Hi, all. I have a Disa tripetaloides and am wondering about fertilizers. Everyone always says that you need to use extremely low levels, but I would appreciate a more specific measurement. I have Dyna-Gro Liquid Grow Plant Food 7-9-5, which I believe is supposed to be good for Phrags. On the back it says, "indoor plants mix 1/4 to 1/2 tsp of Liquid Grow to each gallon of water every time you water." How should I be scaling this for Disas? Thanks.


----------



## naoki (Oct 20, 2016)

Walter Orchard (2013, Orchid Digest, July, Aug, Sept issue, 2013, p. 124-130) recommends 100-200ppm TDS (100ppm is preferable). I think he grows on flow table, though. Wodrich (1999) indicated that there was no problem up to 600 micro S/cm (about 300ppm), and plant size increased with higher concentration. But they seem to flower too early and die. Piennar's (2005) thesis tried up to 1110 microS/cm (about 555ppm) with Ebb-flow or Drip irrigation. Higher fertilization produced bigger plants in some cases, but the plants produce less roots as expected. Although it wasn't statistically significant, it was concerning that plants with high fertilization could potentially have smaller tubers for the next year. So I think that it is safer to be at the low end as Orchard recommended. Also, how you grow them will influence the best concentration, too. Those studies use hydroponics, so fluctuation in EC is buffered. With manual irrigation, the media may become drier (higher EC around the roots), so you may need to reduce the concentration. I think Orchard uses sphag based media while Piennar used silica sand (no CEC). So it is likely that with low CEC media like Piennar, Disa can handle higher EC.


----------



## Stone (Oct 20, 2016)

Disas also seem to prefer ammonium over nitrate.


----------



## gdupont (Oct 20, 2016)

naoki said:


> Walter Orchard (2013, Orchid Digest, July, Aug, Sept issue, 2013, p. 124-130) recommends 100-200ppm TDS (100ppm is preferable). I think he grows on flow table, though. Wodrich (1999) indicated that there was no problem up to 600 micro S/cm (about 300ppm), and plant size increased with higher concentration. But they seem to flower too early and die. Piennar's (2005) thesis tried up to 1110 microS/cm (about 555ppm) with Ebb-flow or Drip irrigation. Higher fertilization produced bigger plants in some cases, but the plants produce less roots as expected. Although it wasn't statistically significant, it was concerning that plants with high fertilization could potentially have smaller tubers for the next year. So I think that it is safer to be at the low end as Orchard recommended.
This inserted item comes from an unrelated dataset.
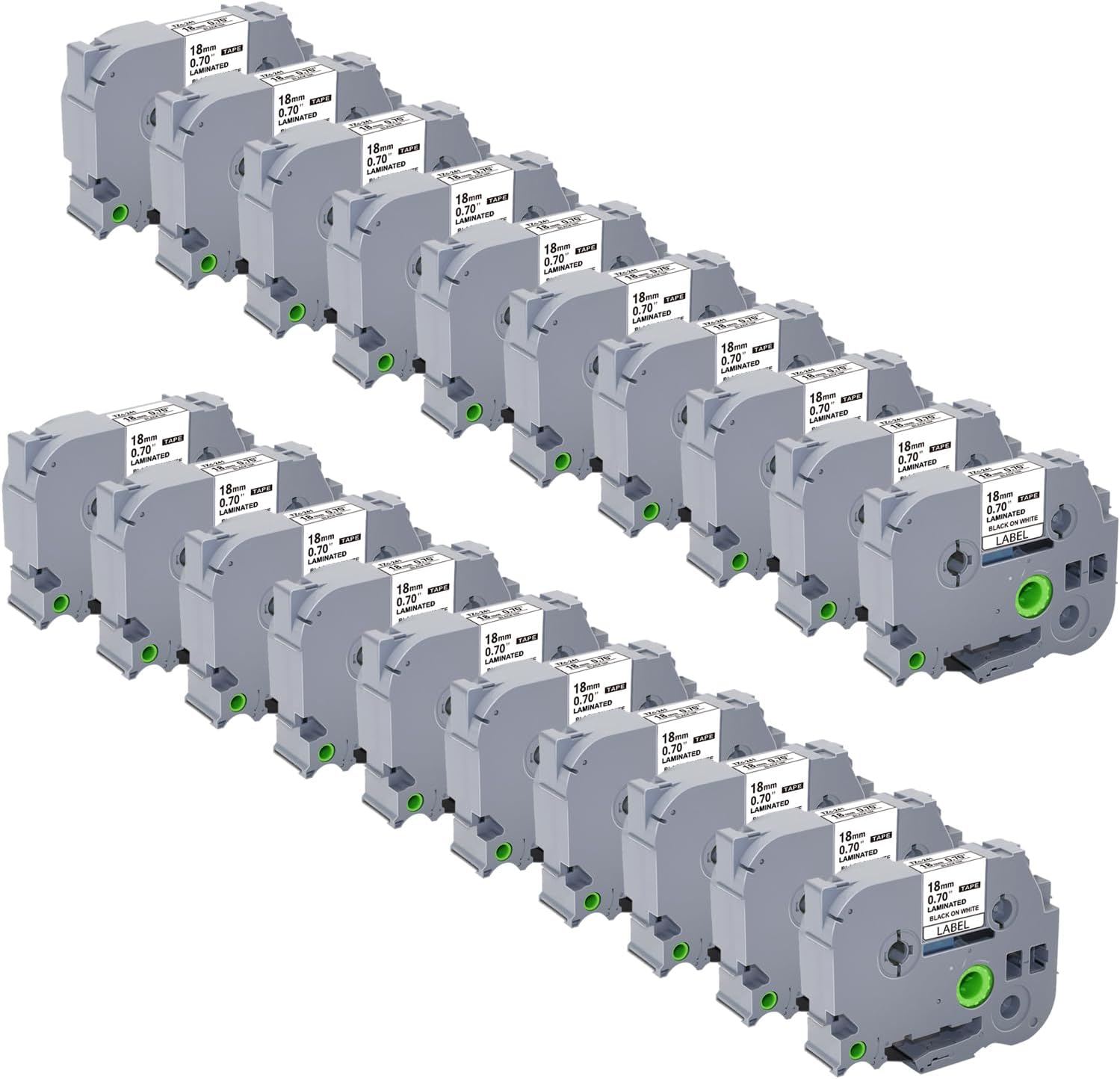 18mm 0.7 Laminated White Tape TZe-241 Compatible with Brother P Touch Label Maker PTD410 PT-D400 D610BT PT-D600 PT-2700 PT-1880, TZe Tz Tape 3/4 Inch, Black on White, 20 Pack

Also, how you grow them will influence the best concentration, too. Those studies use hydroponics, so fluctuation in EC is buffered. With manual irrigation, the media may become drier (higher EC around the roots), so you may need to reduce the concentration. I think Orchard uses sphag based media while Piennar used silica sand (no CEC). So it is likely that with low CEC media like Piennar, Disa can handle higher EC.



Thanks so much for this! Here's how I grow my Disa:

Disa Growing Method Illustration

Do you have any fertilizers that you would recommend in particular? Would Dyna Gro grow be ok, and if so, any idea at what dose? Thanks!


----------